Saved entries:

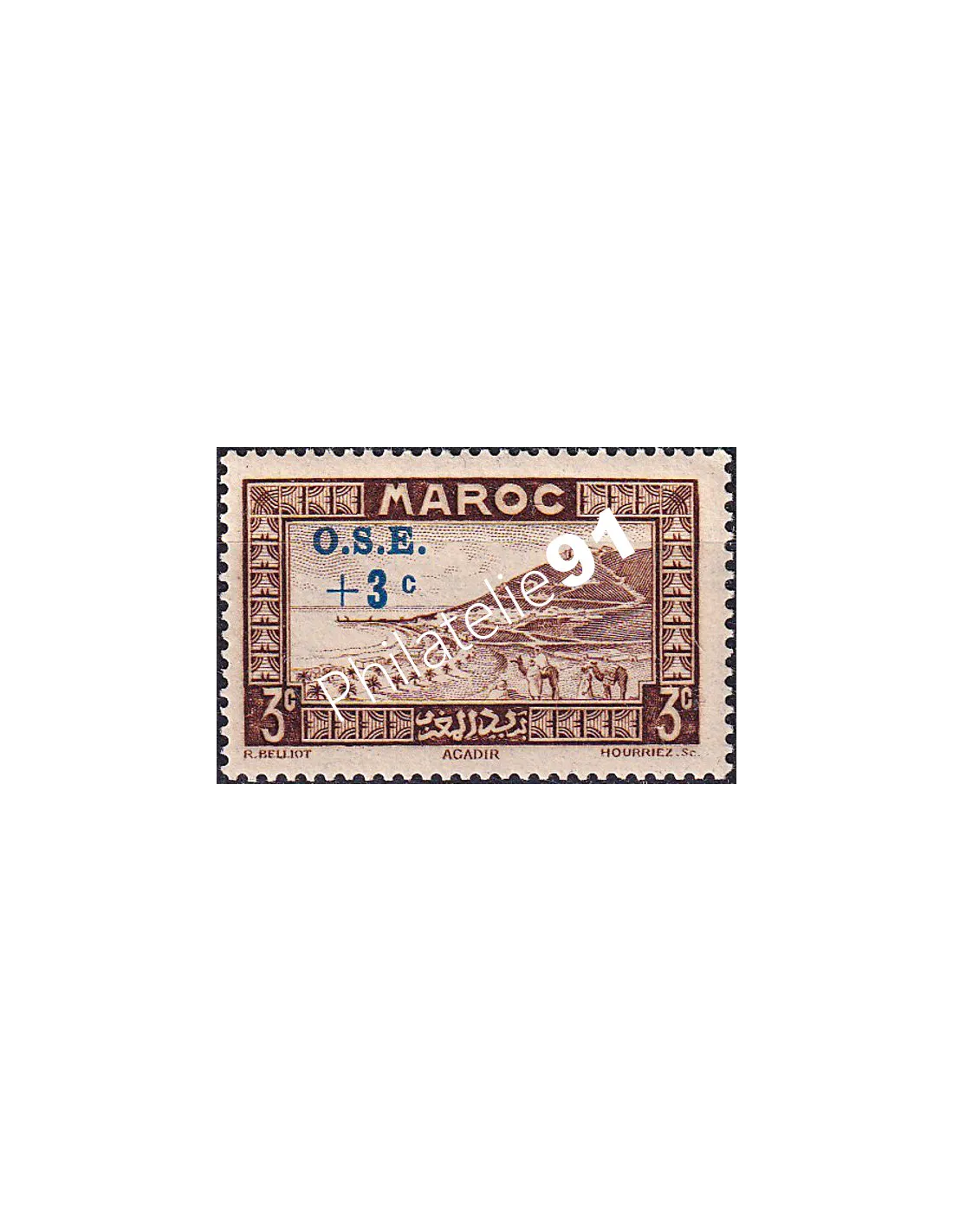MAROC - n° 154 ** - Au profit des oeuvres sociales de l'enfance - Timbre surchargé "O.S.E." - Rade d'Agadir
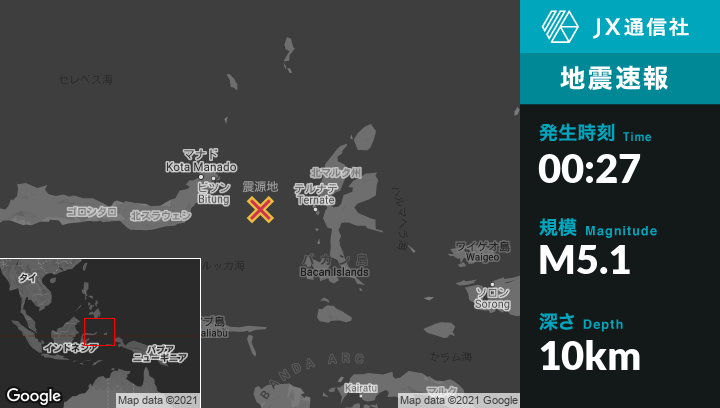 | 震源地 | インドネシアのTernateから西138kmの地点 |
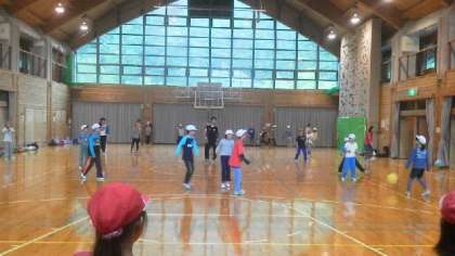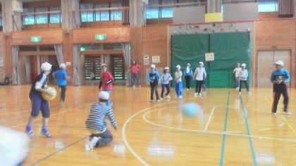登山中止の5年生はドッチボールではしゃいでいます。外に行けない鬱憤晴らしですが、汗いっぱいかいて発散しています。
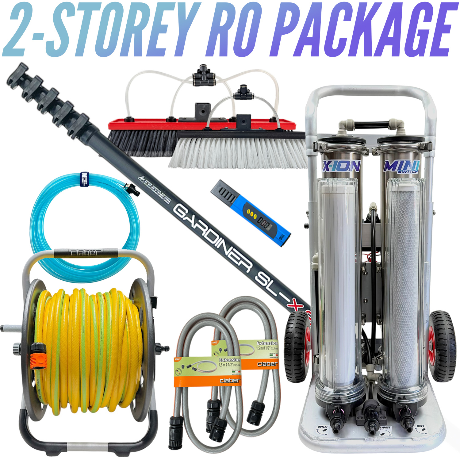 The X-ION Mini Switch Reverse Osmosis System is highly effective at filtering hard water, delivering pure water for streak-free results. This package includes everything you need to get started with water-fed window cleaning — the right way.
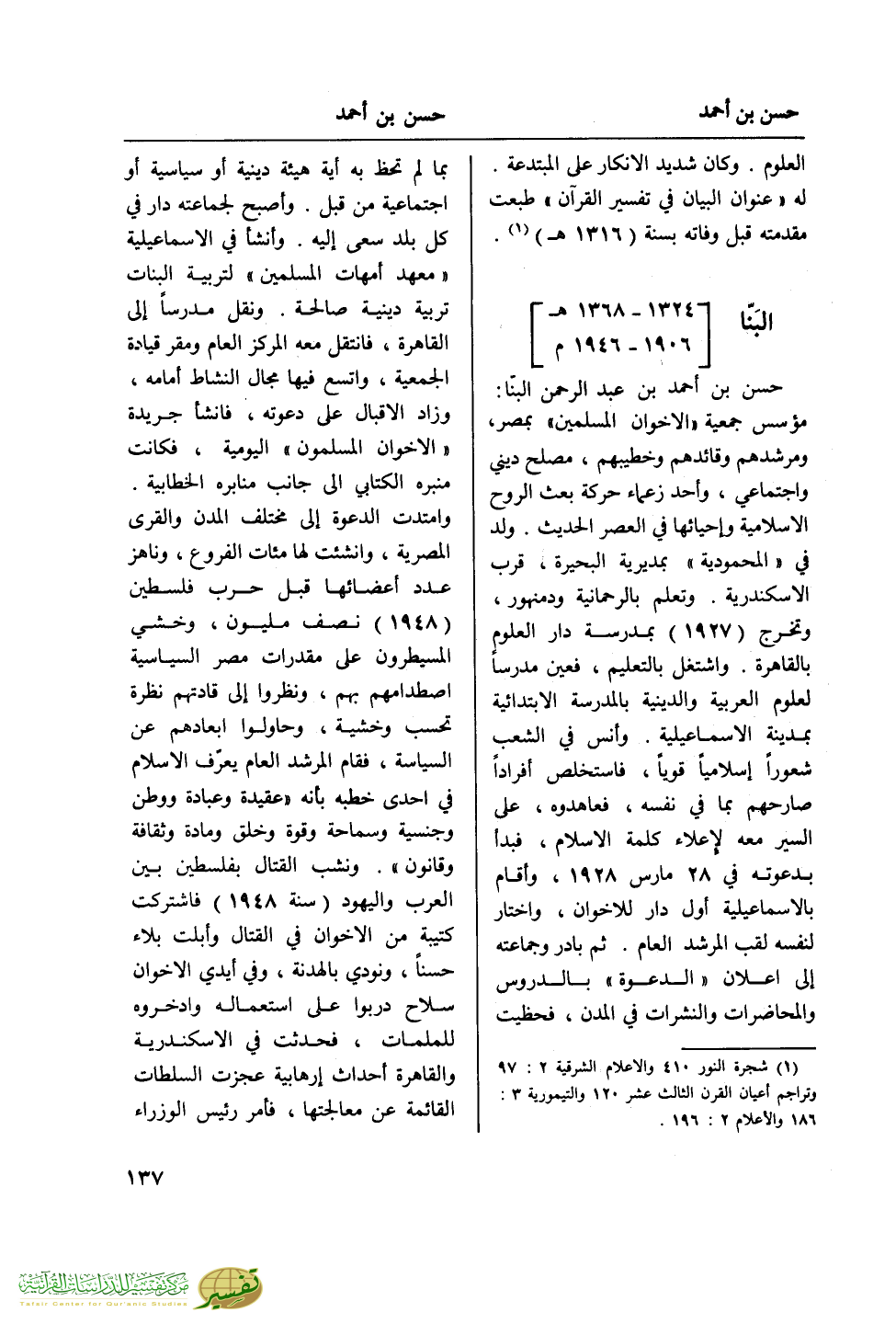 مؤسس جمعية "الاخوان المسلمين" بمصر، ومرشدهم وقائدهم وخطيبهم، مصلح ديني وإجتماعي، وأحد زعماء حركة بعث الروح الإسلامية وإحيائها في العصر الحديث. ولد في "المحمودية" بمديرية البحيرة، قرب الإسكندرية. وتعلم بالرحمانية ودمنهور، وتخرج (1927) بمدرسة دار العلوم بالقاهرة. واشتغل بالتعليم، فعين مدرسا لعلوم العربية والدينية بالمدرسة الابتدائية بمدينة الإسماعيلية. وأنس في الشعب شعورا إسلاميا قويا، فاستخلص أفرادا صارحهم بما في نفسه، فعاهدوه، على السير معه لإعلاء كلمة الإسلام، فبدأ بدعوته في 28 مارس 1928، وأقام بالإسماعيلية أول دار للإخوان، واختار لنفسه لقب المرشد العام. ثم بادر وجماعته إلى إعلان "الدعوة" بالدروس والمحاضرات والنشرات في المدن، فحظيت
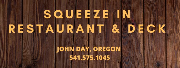 Located on Canyon Creek in downtown John Day Oregon, the Squeeze In Restaurant and Deck serves great food. The daily fare is always filling, satisfying and tasty.
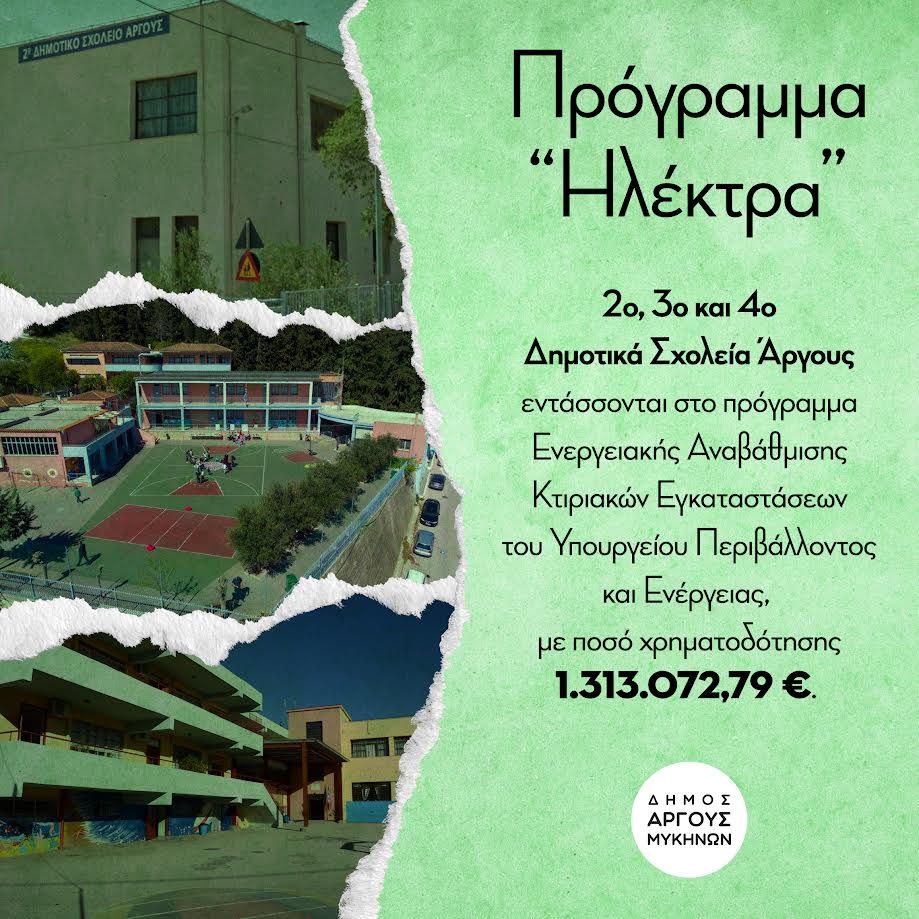 Ο Δήμος Άργους-Μυκηνών είναι στην ευχάριστη θέση να ανακοινώσει την ένταξη τριών σχολικών μονάδων στο πρόγραμμα ‘’Ηλέκτρα’’ με τίτλο: “Ενεργειακή Αναβάθμιση Κτιριακών Εγκαταστάσεων” του Υπουργείου Περιβάλλοντος και Ενέργειας, με ποσό χρηματοδότησης 1.313.072€.
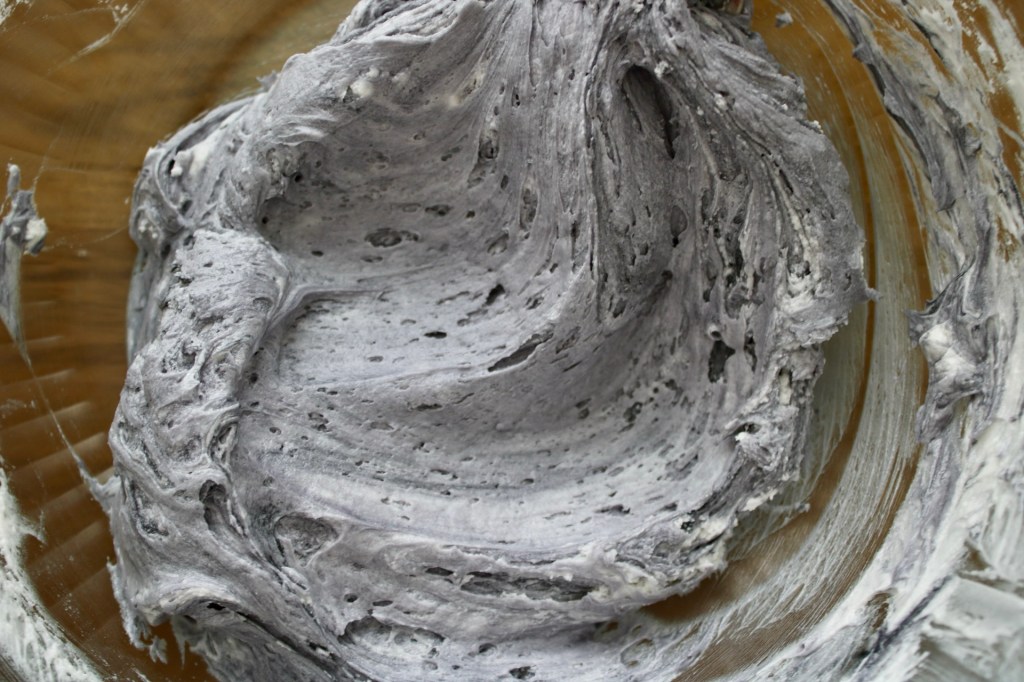 Light grey darkened to deep charcoal after immersion blending it and letting it chill in the fridge for awhile. This color would have been perfect for tombstones though! **Note to self for future Halloween bakes.
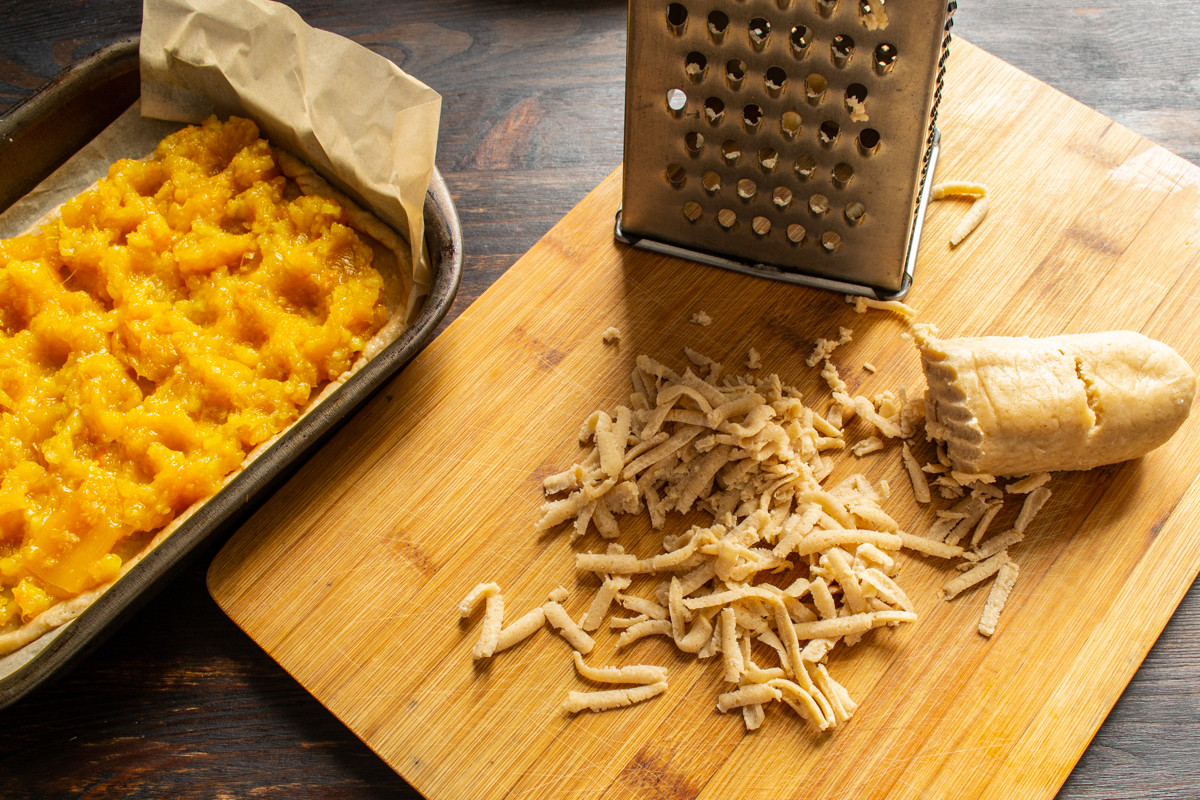 Достаем тесто из морозильной камеры, натираем на крупной терке.
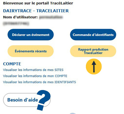 À partir de la page d’accueil, cliquez sur Rapport proAction TracéLaitier.
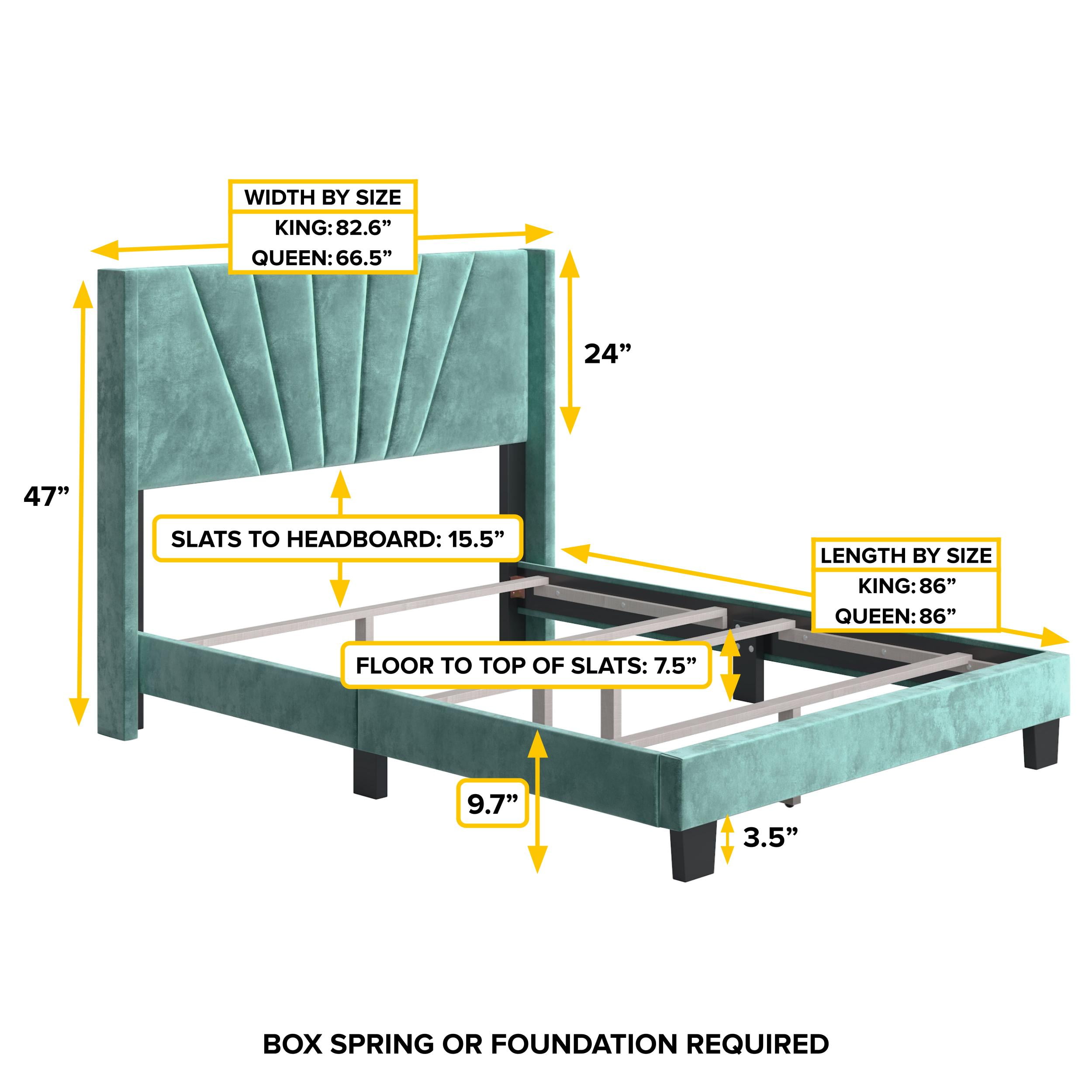 Boyd Sleep Valencia Aqua Velvet King Size Fully Upholstered Platform Bed Frame with Adjustable Headboard, Qualified Box Spring or Foundation Required for Use
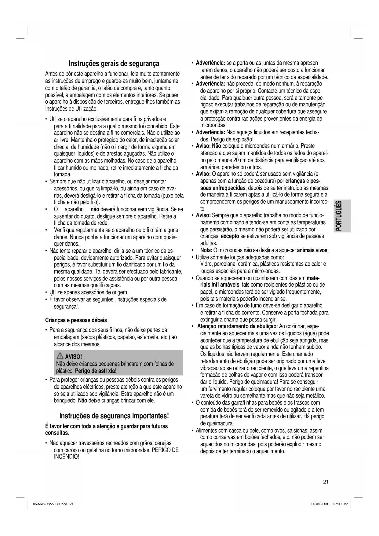- Alimentos com casca ou pele, como ovos, salsichas, assim como conservas em boiões fechados, etc. não podem ser aquecidos no microondas, pois poderão explodir mesmo depois de ter terminado o aquecimento. 05-MWG 2227 CB.indd 2105-MWG 2227 CB.indd 21 06.08.2008 9:57:09 Uhr06.08.2008 9:57:09 Uhr22 PORTUGUÊS PORTUGUÊS
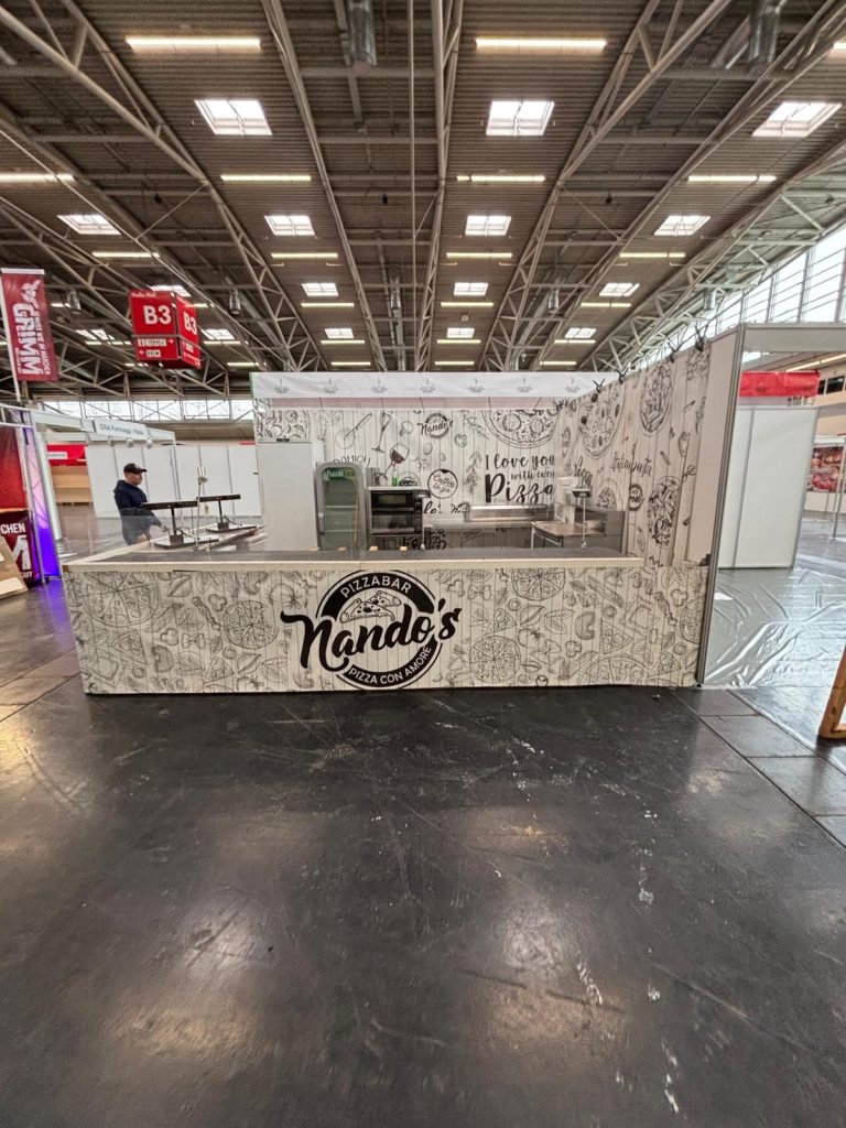 Dank seiner modularen Bauweise ist er nicht nur in Hallen flexibel einsetzbar, sondern kann bei Bedarf auch im Außenbereich genutzt werden. So sind wir jederzeit bestens ausgestattet – egal ob auf Fachmessen, Firmenveranstaltungen oder Outdoor-Events.

#### [Assigned task]
Only lines belong in the copy: transcribe those from the start of the data through the line that contains "The X-ION Mini", and skip the pictures.

#### [Reply]
MAROC - n° 154 ** - Au profit des oeuvres sociales de l'enfance - Timbre surchargé "O.S.E." - Rade d'Agadir
 | 震源地 | インドネシアのTernateから西138kmの地点 |
登山中止の5年生はドッチボールではしゃいでいます。外に行けない鬱憤晴らしですが、汗いっぱいかいて発散しています。
 The X-ION Mini Switch Reverse Osmosis System is highly effective at filtering hard water, delivering pure water for streak-free results. This package includes everything you need to get started with water-fed window cleaning — the right way.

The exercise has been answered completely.